神経細胞が活動した際、細胞外シグナル制御キナーゼは多数の細胞質分子と核内分子をリン酸化し、最終的に後期長期増強において観察されるタンパク質生合成と細胞の形態的変化を引き起こす^[18]。このような細胞質分子と核内分子には、cAMP応答配列結合タンパク質 (CREB : cAMP response element binding protein) のような転写因子がある^[17]。細胞外シグナル制御キナーゼを介して起きる転写因子の活性の変化は、後期長期増強の維持に関わるタンパク質の生合成の引き金となる。このようなタンパク質の例としてプロテインキナーゼMζ (PKMζ : protein kinase Mζ) と呼ばれる長期増強の誘導の後に生合成が増加し、持続的に活性化するキナーゼがある^[27][28]。プロテインキナーゼ Mζ はプロテインキナーゼ C の特殊なアイソフォームで、調節ユニットを失っているために構成的活性化が起きたままになっている^[27]。長期増強を仲介する他のキナーゼと違い、プロテインキナーゼ Mζ は長期増強の誘導から初めの 30 分は活性がなく、長期増強の後半の段階である長期増強の維持に必要なキナーゼである^[27]。したがって、プロテインキナーゼ Mζ は記憶の持続に重要であり、長期記憶の維持に重要であると見られている。実際、ラットの海馬にプロテインキナーゼ Mζ 阻害剤を導入することにより、短期記憶を阻害することなく逆行性健忘を起こさせることができる^[28](プロテインキナーゼMζは短期記憶の成立には関与していない)。プロテインキナーゼ Mζ は最近、後期長期増強の発現に関わるシナプス足場タンパク質の輸送の指令や再編成によって後期長期増強に関わっていることが示されている^[27][28]。

[編集] 発現

プロテインキナーゼMζの他に、数種類のタンパク質が後期長期増強の際に合成されていることが知られている。これらはその種類に関係なく、後期長期増強における樹状突起棘の数や表面積、シナプス後細胞の神経伝達物質に対する応答性などの増加に寄与していると考えられている^[18]。この内の神経伝達物質に対する応答性の増加は、後期長期増強の際のAMPA型グルタミン酸受容体の生合成の増加による面がある^[18]。後期長期増強はシナプス前細胞におけるシナプトタグミンの生合成とシナプス小胞の数の増加とも関連付けられることから、後期長期増強によってシナプス後細胞だけではなくシナプス前細胞でもタンパク質の生合成が誘導されることが示唆される^[18]。前述の通り、シナプス後細胞における長期増強の誘導により、シナプス前細胞でタンパク質の生合成が起きるためには、シナプス後細胞からシナプス前細胞への信号伝達が必要である。この信号伝達は後述する逆行性メッセンジャーの生合成によるものであると考えられている。

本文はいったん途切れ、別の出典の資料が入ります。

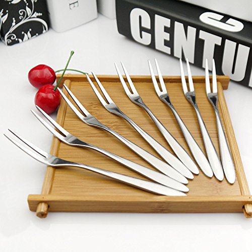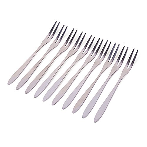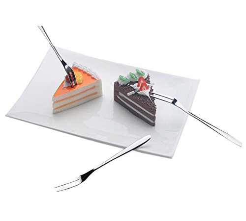 HornTide 12-Piece Cake Forks Set 2 Tines Appetizer Fork for Dessert Fruit Salad Stainless Steel Mirror Polishing 5.3-Inch 13.5cm

シナプス後細胞のおける反応に限っても、後期長期増強を行うタンパク質の生合成が起きる場所は特定されていない。特に、タンパク質の生合成が起きるのが細胞体か樹状突起かも定かではない^[25]。1960 年代に、樹状突起において (タンパク質の生合成メカニズムの重要な要素である) リボソームが発見されたにもかかわらず、神経細胞におけるタンパク質の生合成が主に行われるのは細胞体であるという考えが優勢であった^[25]。1980 年代に、細胞体との結合が断たれた樹状突起でもタンパク質の生合成が起きることが示されるまでは、この考えに挑む者はいなかった^[25]。より最近になって、この種の局所的なタンパク質の生合成がある種の長期増強に必要であることが示されている^[29][30]。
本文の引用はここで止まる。